From this, we can see that for `Crime ID` and `Last outcome category` only about half of the entries have values, so we'll drop these columns. We'll also drop the `Context` column as it is empty.

In [None]:
df_may2020.drop(['Crime ID', 'Last outcome category', 'Context'], axis=1, inplace=True)

In [None]:
df_may2020.head()

It also looks like the columns `Reported by` and `Falls within` may be irrelevant, since the crime data here should *only* contain data from Northumbria police. We can check this. 

In [None]:
print(df_may2020['Reported by'].value_counts())
print(df_may2020['Falls within'].value_counts())

As suspected, these columns *all* contian Northumbria Police, so they can be dropped too.

In [None]:
df_may2020.drop(['Reported by', 'Falls within'], axis=1, inplace=True)

In [None]:
df_may2020.head()

The last thing to check whilst cleaning the data is the data types. 

In [None]:
df_may2020.dtypes

These are all as we would expect, so we can continue with the analysis.

#### Analysis

To pin each of these crimes by their latitudes and longitudes on a map, we can use the `folium` package.

In [None]:
import folium

Lets pull up a map of Northumberland, centered on Newcastle.

In [None]:
northumberland_lat = 54.979
northumberland_long = -1.61

northumberland_map = folium.Map(location=[northumberland_lat, northumberland_long], zoom_start=13)
northumberland_map

We can now superimpose the crime data onto the map using `FeatureGroups()`.

In [None]:
street_crimes = folium.map.FeatureGroup()

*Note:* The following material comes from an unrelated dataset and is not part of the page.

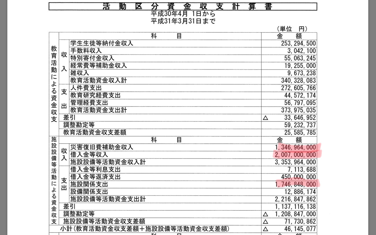 同大学の運用資産は3億円程度なので、これは本当に大きい収入だった。まず自力では復興できない。それくらい、自然災害による補助金というのは死活問題なのだ。
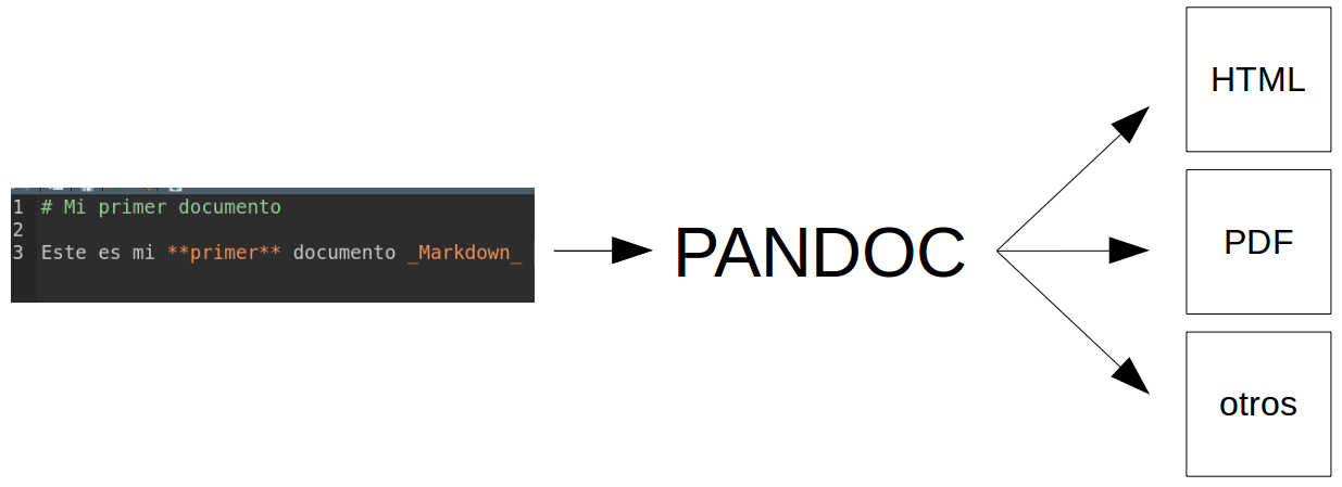 Pandoc es la herramienta que se encarga de realizar esta conversión de markdown a HTML o PDF, permitiéndonos visualizar nuestro documento con el formato deseado. Este programa funciona como un puente entre el texto plano que escribimos en markdown y el documento final que se renderiza, asegurando que todas las marcas de edición se apliquen correctamente para una presentación óptima.

# Labels data for crime type
labels = list(df_may2020['Crime type'])

# Loop through each crime and add each to the feature group
for lat, lng, labels in zip(df_may2020.Latitude, df_may2020.Longitude, df_may2020['Crime type']):
        folium.features.CircleMarker(
            [lat, lng],
            radius=5, # define how big you want the circle markers to be
            color='yellow',
            fill=True,
            popup=labels,
            fill_color='blue',
            fill_opacity=0.6
        ).add_to(northumberland_map)
    
# Add the crimes to the map
northumberland_map

From this map, already you can pan around, and zoom in, and by clicking on each marker, a description of the `Crime type` is shown. 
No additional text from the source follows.